Pete Gent died recently. Talk about an obit everyone missed.
Fantastic talent, hometown legend in his little Michigan town of several thousand (won the State title in basketball), All-American basketball player, never played football in college but became a receiver for America’s Team, the Dallas Cowboys with Dandy Don and Tom Landry), best selling author, wrote a great screenplay (possibly the best sports movie screenplay ever) and was played by Nick Nolte in the movies. But football, Hollywood, a bitter divorce and his own lifestyle all conspired against him.
Reading the obits on Gent, even from the “great newspapers” is a joke. All he becomes is a caricature guy who blew the whistle on pro football in his best-known, but not his best work, North Dallas Forty. He was a superb writer. The obits all talked about how he wrote North Dallas Forty and “exposed the seamy side of football”, typical obits not really capturing his brilliance, In reality, he was a much more nunaced character.

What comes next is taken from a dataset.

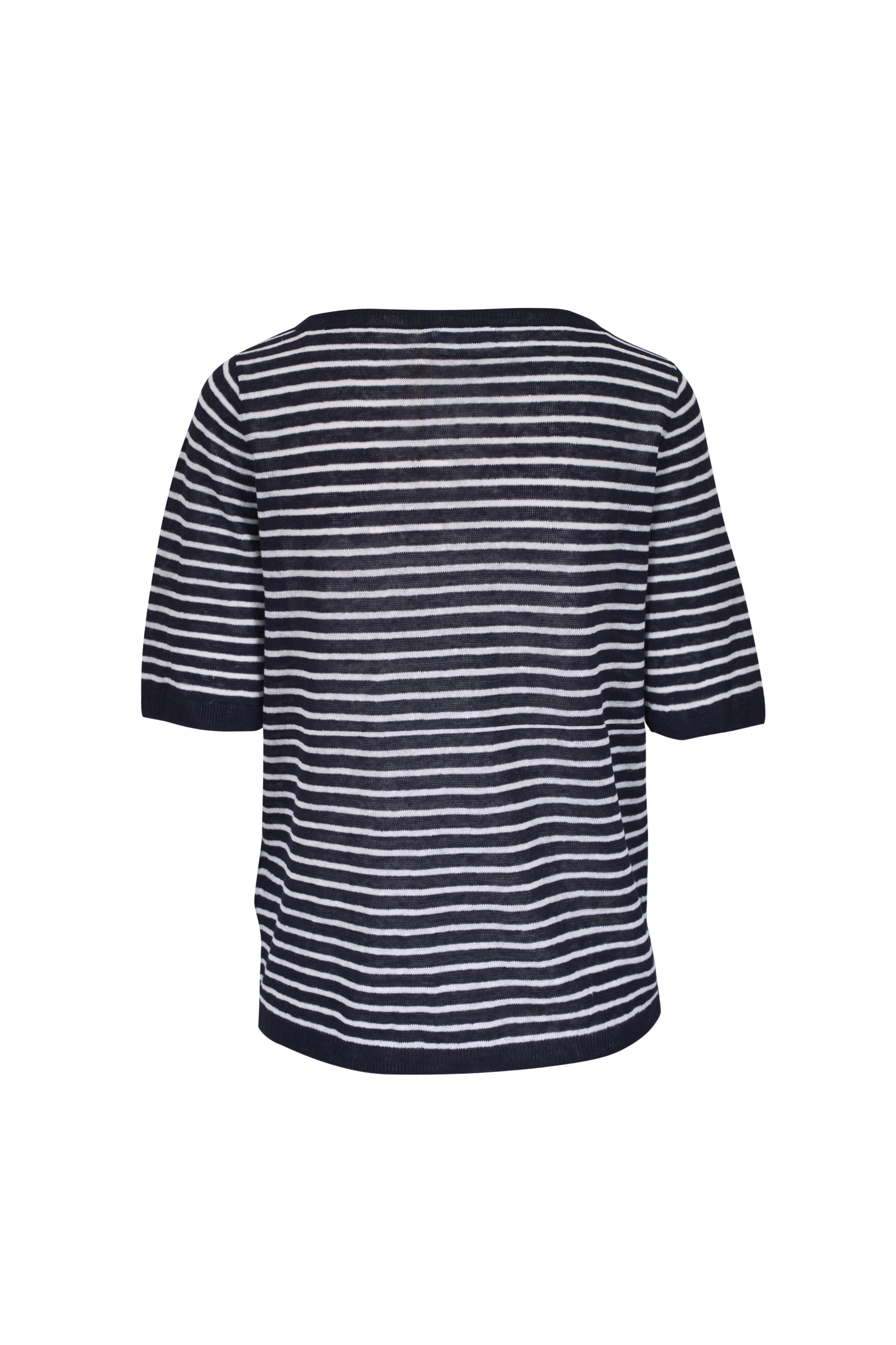 Marine Blue & White Stipe Linen Crewneck T-Shirt

In his own small hometown of Bangor, Michigan which I once visited after he returned to live there (I never got to meet him), there was a sign - did it say “Home to Pete Gent” who did all those things? No, it said “Home to the girl who broke the high school girls softball record 1998-2002″. State titles, All-American, Dallas Cowboys, Hollywood, Manhattan - I wonder what he thought every time he saw that back in Bangor.
He made lots of money and then lost it. The ability to live in the fast lane was a punishment, not a reward. He actually wrote a better book than North Dallas Forty when he moved back to Bangor. It was called The Last Magic Summer about coaching his son and how America has changed. The book is about how to live and die with style and grace.
I went back and read some of Gent’s nonfootball stuff today. He wrote this,
“In the Fifties and Sixties, Bangor had prospered. The school system fluorished. The athletic programs were in ascendancy. All that was gone now. the stores, the car dealers, John Deere and international Harvester, the lumberyards, the factories, the dairies, the farm exchanges, the jobs and the dreams. Gone. Dutch elm disease killed all the American elms and the town grew progressively hotter each summer. Now thhe biggest payroll in town was the Bangor public school system which functioned like a branch of a multinational corporation .The kids were just products to be punched and shipped off fast - stamped “some assembly required”. School administrators passed through like young GM executives on the fast track to Detroit. Banogr’s school system was sick - infected by a gatepost stupid school board: grasping, ambitious adminstrators; and teachers and coaches with no investment of time or emotion in the kids ot town.”
Not one of those slick major newspaper obit writers or sportswriters could write that well - and this guy was a superb athlete on top of it. But the obits missed it.
He quoted this in his book, that explains him.
Down these mean streets a man must go…
He is a common man, or he could not go among common people.
He has a sense of character, or he would not know his job.